REQUIRED ACTION —
Pictures aside, write out the data exactly as it reads.
Segment Start: INFORMATION GIVEN
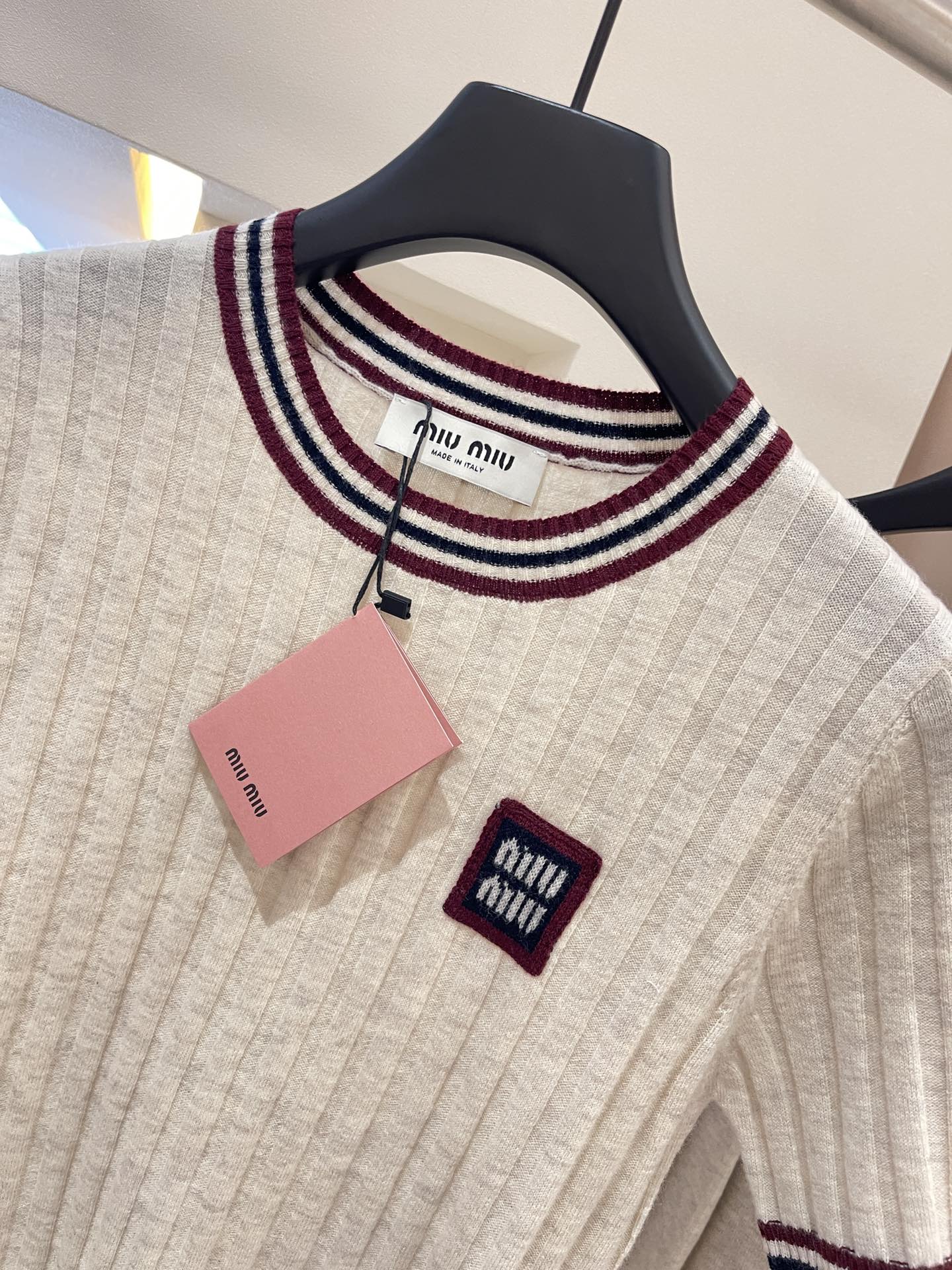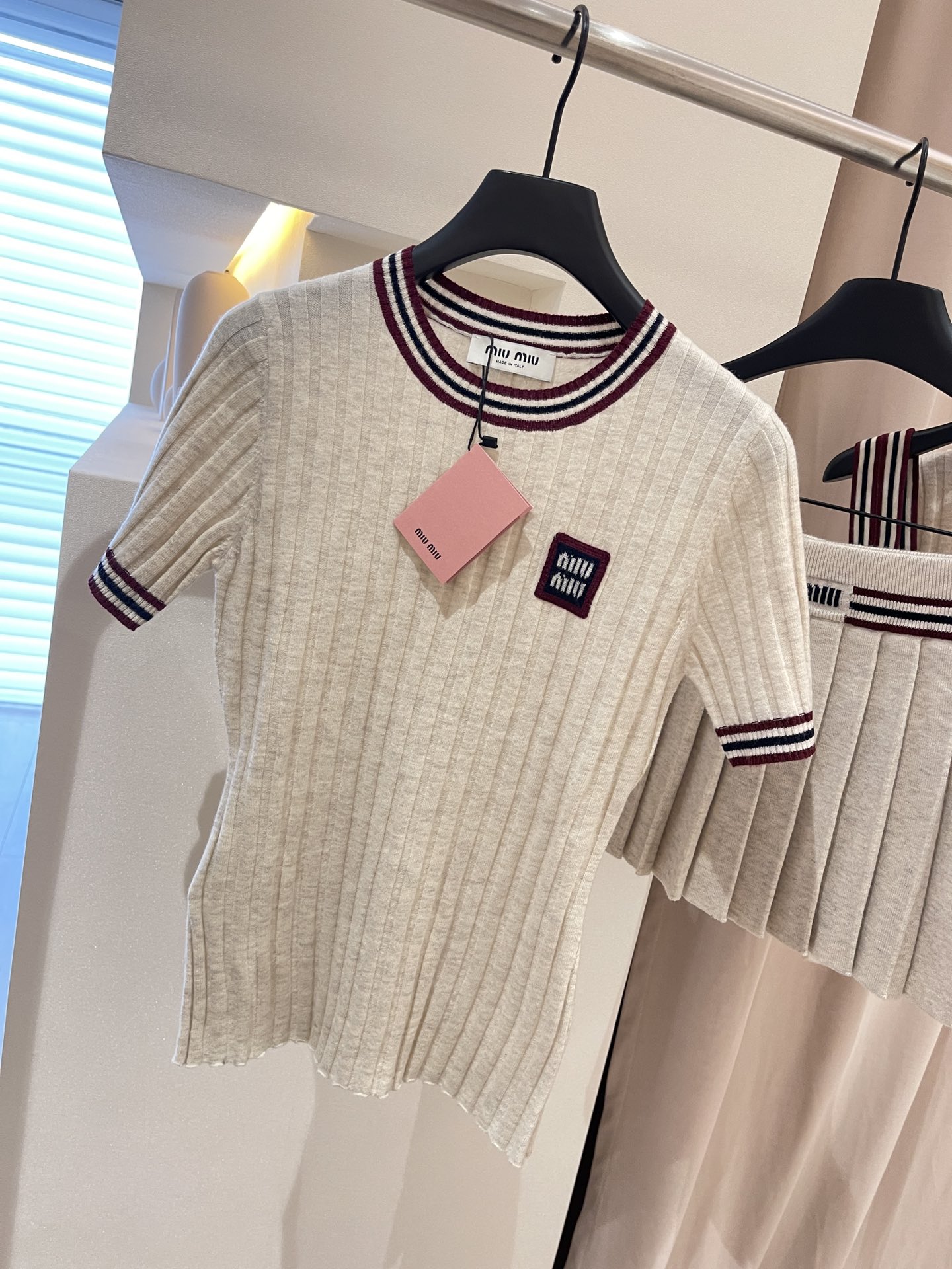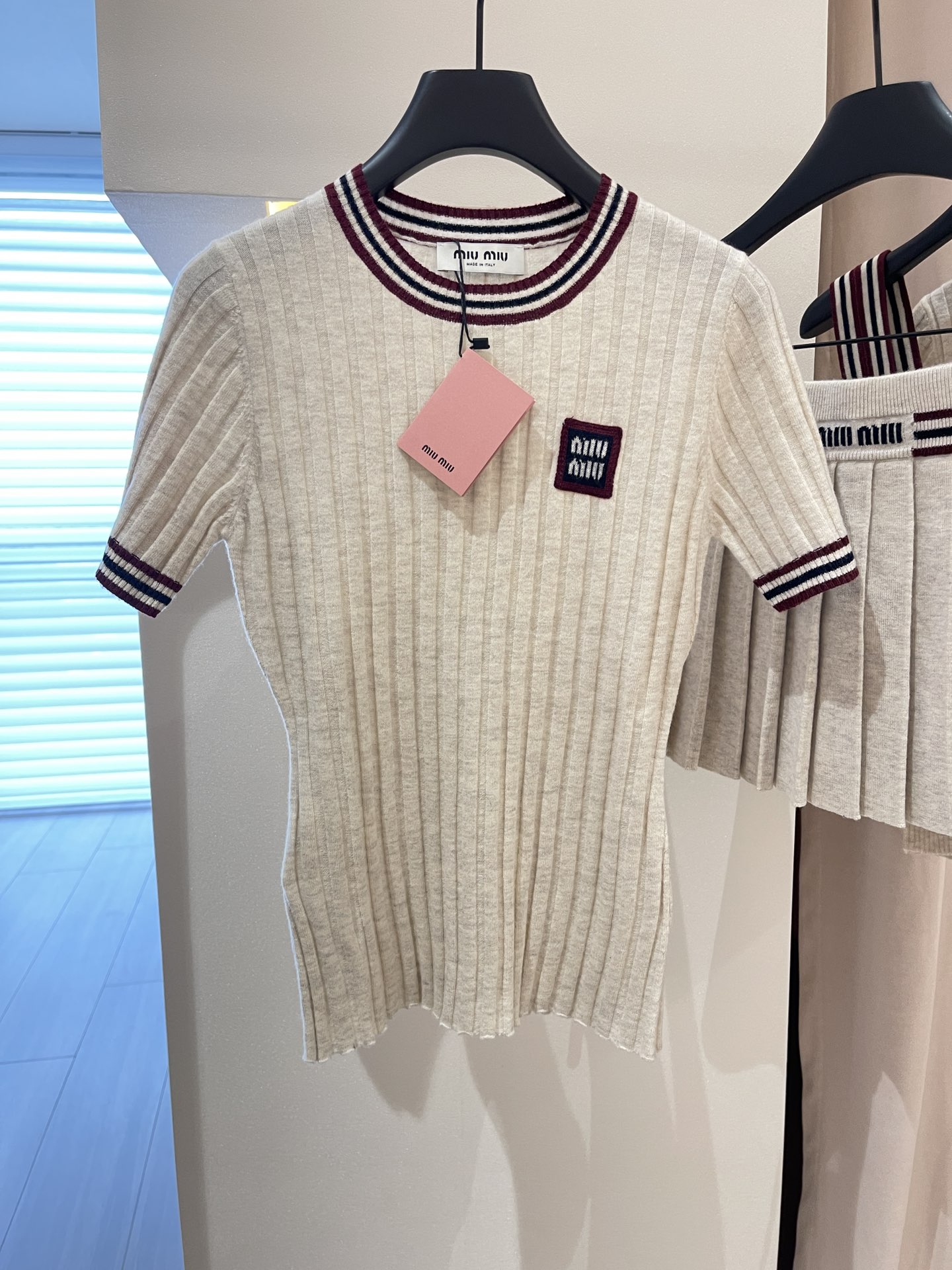 NIGO MiuMiu Women's Summer Solid Color Letter Print Knitted Round Neck Short Sleeve T-Shirt #nigo77557
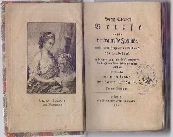 Lorenz Sterne's Briefe an seine vertrauteste Freunde, nebst einem Fragment im Geschmacke des Rabelais, und einer von ihm selbst verfaßten Nachricht von seinem Leben und seiner Familie, herausgegeben von seiner Tochter, Madame Medalle. Aus dem Englischen (von Christian Felix Weiße). - Und: Lor. Sterne's oder Yoricks Briefwechsel mit Elisen und seinen übrigen Freunden. 2 Titel in 1 Band. Leipzig, Weidmann Erben und Reich, 1776, 1775. 8vo. Mit Portrait von Lydia Sterne de Medalle (Kupferstich) auf Frontispiz. XXVIII, 391; XXIV, 184 S. Späterer floral. bunt. Pp. m. orang. RSchild. Unbeschnitten. VD18 10680055 u. VD18 12722820. - Erste deutschen Ausgaben. - Bibliotheksstempel auf Titelblatt (ausgeschieden). Kleine Randnotiz auf S. IV. Leicht befleckt auf S. 261, 269 (I. Band) sowie S. 55-73 (II. Band). Sonst sauberes Ex. - Mit interessantem beigelegtem Zeitungssauschnitt von 1968 (zum 200. Todestag Laurence Sternes).
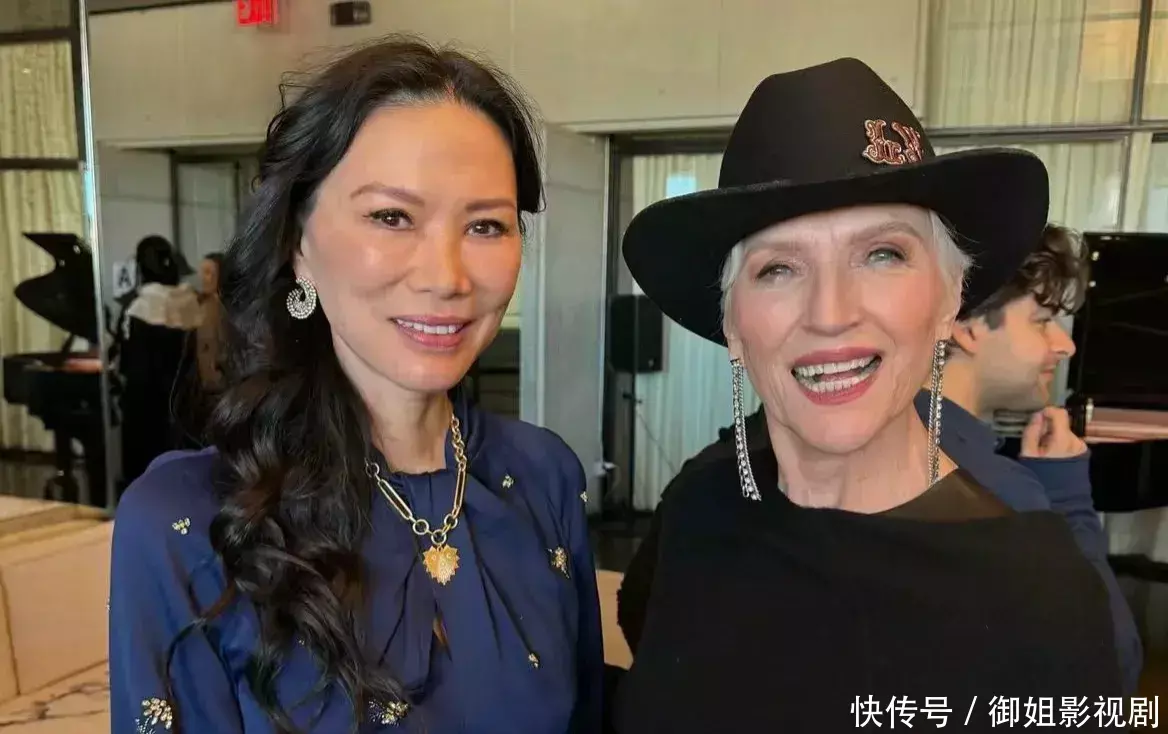 她烫了相沿鬈发,化了良好妆容,戴了祖母绿的耳饰,有上个世纪民国女星的范儿。邓文迪脸上莫得皱纹,笑貌满面,充满了人命力,终年健身,让她看起来身姿唯妙。
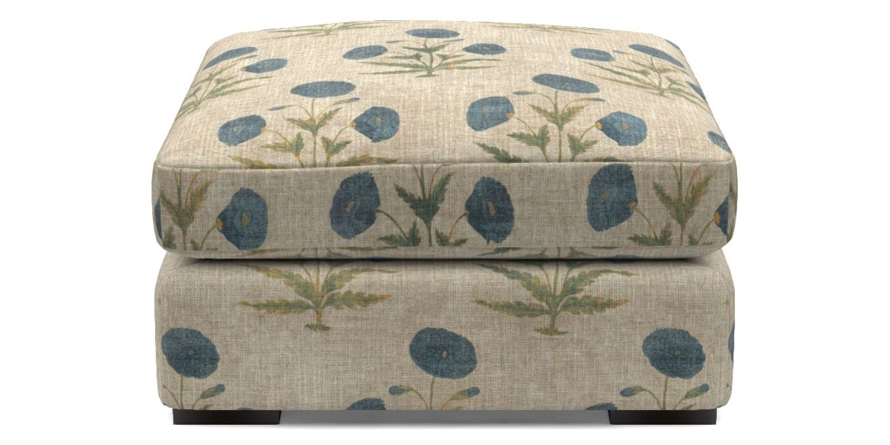 • Stockbridge Bespoke Combi Footstools in V&A Threads of India on Linen - Regal Poppy : Gentian
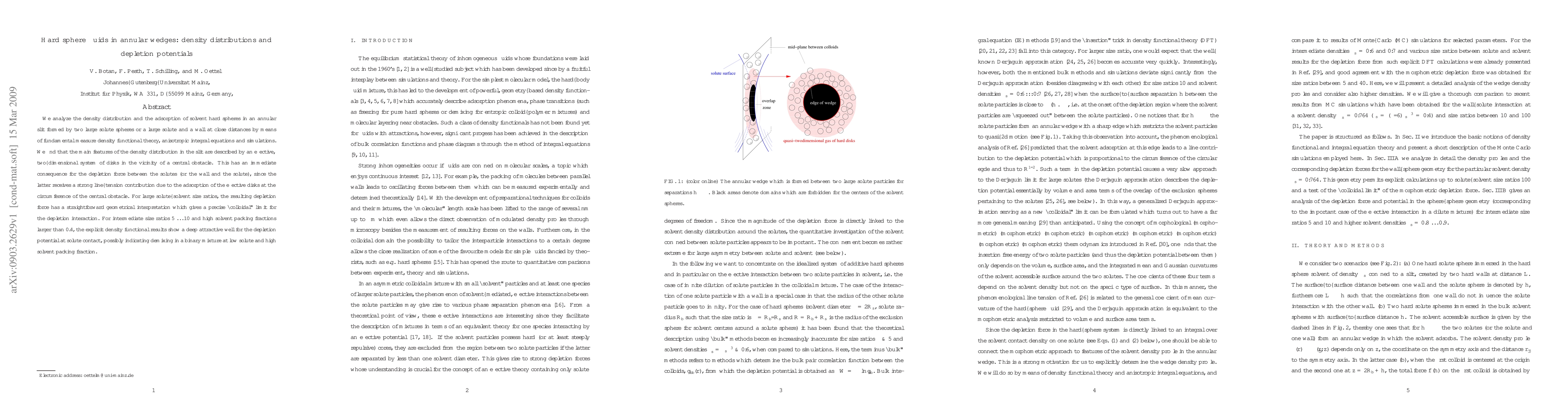 We analyze the density distribution and the adsorption of solvent hard spheres in an annular slit formed by two large solute spheres or a large solute and a wall at close distances by means of fundamental measure density functional theory, anisotropic integral equations and simulations. We find that the main features of the density distribution in the slit are described by an effective, two--dimensional system of disks in the vicinity of a central obstacle. For large solute--solvent size ratios, the resulting depletion force has a straightforward geometrical interpretation which gives a precise "colloidal" limit for the depletion interaction. For intermediate size ratios 5...10 and high solvent packing fractions larger than 0.4, the explicit density functional results show a deep attractive well for the depletion potential at solute contact, possibly indicating demixing in a binary mixture at low solute and high solvent packing fraction.
Segment End: INFORMATION GIVEN
EXERCISE ANSWER —
 NIGO MiuMiu Women's Summer Solid Color Letter Print Knitted Round Neck Short Sleeve T-Shirt #nigo77557
 Lorenz Sterne's Briefe an seine vertrauteste Freunde, nebst einem Fragment im Geschmacke des Rabelais, und einer von ihm selbst verfaßten Nachricht von seinem Leben und seiner Familie, herausgegeben von seiner Tochter, Madame Medalle. Aus dem Englischen (von Christian Felix Weiße). - Und: Lor. Sterne's oder Yoricks Briefwechsel mit Elisen und seinen übrigen Freunden. 2 Titel in 1 Band. Leipzig, Weidmann Erben und Reich, 1776, 1775. 8vo. Mit Portrait von Lydia Sterne de Medalle (Kupferstich) auf Frontispiz. XXVIII, 391; XXIV, 184 S. Späterer floral. bunt. Pp. m. orang. RSchild. Unbeschnitten. VD18 10680055 u. VD18 12722820. - Erste deutschen Ausgaben. - Bibliotheksstempel auf Titelblatt (ausgeschieden). Kleine Randnotiz auf S. IV. Leicht befleckt auf S. 261, 269 (I. Band) sowie S. 55-73 (II. Band). Sonst sauberes Ex. - Mit interessantem beigelegtem Zeitungssauschnitt von 1968 (zum 200. Todestag Laurence Sternes).
 她烫了相沿鬈发,化了良好妆容,戴了祖母绿的耳饰,有上个世纪民国女星的范儿。邓文迪脸上莫得皱纹,笑貌满面,充满了人命力,终年健身,让她看起来身姿唯妙。
 • Stockbridge Bespoke Combi Footstools in V&A Threads of India on Linen - Regal Poppy : Gentian
 We analyze the density distribution and the adsorption of solvent hard spheres in an annular slit formed by two large solute spheres or a large solute and a wall at close distances by means of fundamental measure density functional theory, anisotropic integral equations and simulations. We find that the main features of the density distribution in the slit are described by an effective, two--dimensional system of disks in the vicinity of a central obstacle. For large solute--solvent size ratios, the resulting depletion force has a straightforward geometrical interpretation which gives a precise "colloidal" limit for the depletion interaction. For intermediate size ratios 5...10 and high solvent packing fractions larger than 0.4, the explicit density functional results show a deep attractive well for the depletion potential at solute contact, possibly indicating demixing in a binary mixture at low solute and high solvent packing fraction.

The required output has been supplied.